Oh, and don’t think you’re going to get out of this movie without seeing an item number from Jyothi Laxmi.
Which brings us to
C.I.D. Raju’s supernatural content. As all of the above described action takes place, we learn that the cowboy gang’s lair, while equipped with all the standard sliding doors and hidden chambers, is also infested with spooks, chief among them a fanged brute with Reggie Watts hair and one bulging eye. There is also a scene in which one of the gang confronts one of the girl captives, who reveals herself to be a witch with long, Wolverine-like talons (a side effect, perhaps, of Dr. Ramesh's serum?). Each of these sequences is followed by that old haunted house movie chestnut in which the only person to see the monster is later embarrassed when he/she brings a posse of disbelievers back to the spot of the sighting, only to find that the monster has moved on. Wah-wahhhh.

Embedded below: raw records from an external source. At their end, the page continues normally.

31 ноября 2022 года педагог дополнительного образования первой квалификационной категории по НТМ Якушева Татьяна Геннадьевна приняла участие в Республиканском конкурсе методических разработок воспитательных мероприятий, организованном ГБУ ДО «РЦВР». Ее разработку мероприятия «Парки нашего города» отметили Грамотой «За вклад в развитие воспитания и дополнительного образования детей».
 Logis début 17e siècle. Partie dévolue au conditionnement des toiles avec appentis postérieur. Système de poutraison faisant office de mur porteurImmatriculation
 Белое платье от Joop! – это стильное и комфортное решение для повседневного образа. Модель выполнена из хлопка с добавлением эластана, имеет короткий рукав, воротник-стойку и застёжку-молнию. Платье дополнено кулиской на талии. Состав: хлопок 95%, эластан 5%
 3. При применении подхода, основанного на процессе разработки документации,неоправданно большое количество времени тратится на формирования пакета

The film’s spookiness peaks when Lita—after being, by all appearances, successfully killed by the gang--returns as a vengeful ghost. This leads to a sequence in which a squadron of police officers watch in astonishment from an adjoining rooftop as Lita, singing a mournful tune, repeatedly explodes into a cloud of white phosphorous before reappearing. It is a truly dreamlike moment, one that speaks well of Doss’s skills as a filmmaker and visual stylist. It is also commendably free of panty shots.

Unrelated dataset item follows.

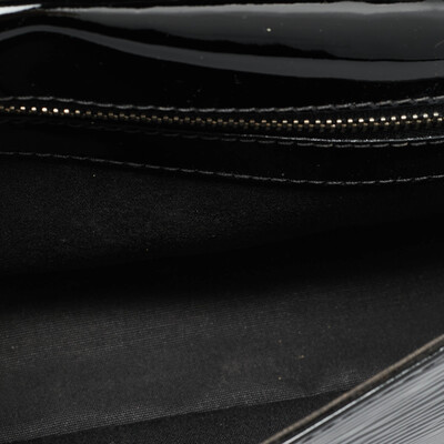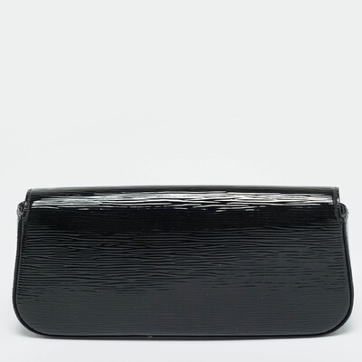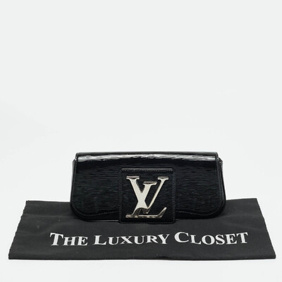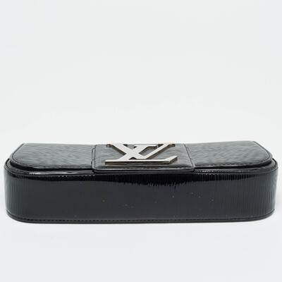 Black Epi leather shapes the Louis Vuitton Sobe clutch with a crisp, tactile edge. A silver tone LV clasp punctuates the familiar lines, while the compact frame fits neatly in the hand, carrying just the essentials for an evening out.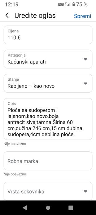 Kuh.ploča sa sudoperom,očuvano,dimenzije u slikama!

It also speaks well of Doss’s skills as a filmmaker that
C.I.D. Raju is a very entertaining film, even when watched by someone who has no idea at all what is supposed to be going on it it. Those scant moments in which there is no chase, fistfight, hip swiveling item girl, or monster reliably contain some quirk of fashion or mid-century interior design that is equally compelling. Notable among these visual bonbons are the gang’s chain smoking, plaid skirt wearing gunmoll and the odd, ceramic baby statue that adorns the Magistrate’s coffee table. This is not to mention the grating comic relief turn by Raja Babu, whose every bit of shrill physical business is accompanied by weird sci-fi sound effects, because, well,
we are never to mention that, ever.
C.I.D. Raju ends, as is traditional, with an all-hands-on-deck dust-up involving every member of the cast that is filled with kung fu and gun violence. As much as you might decry its predictability, I think that, were the cast to instead join hands and sing us out to “Kumbaya”, we would find ourselves left with a profound emptiness. Such meatheaded spectacle is exactly what K.S.R. Doss was brought into this world to provide. In return, we can offer him only a drunken mind and a complete annihilation of disbelief.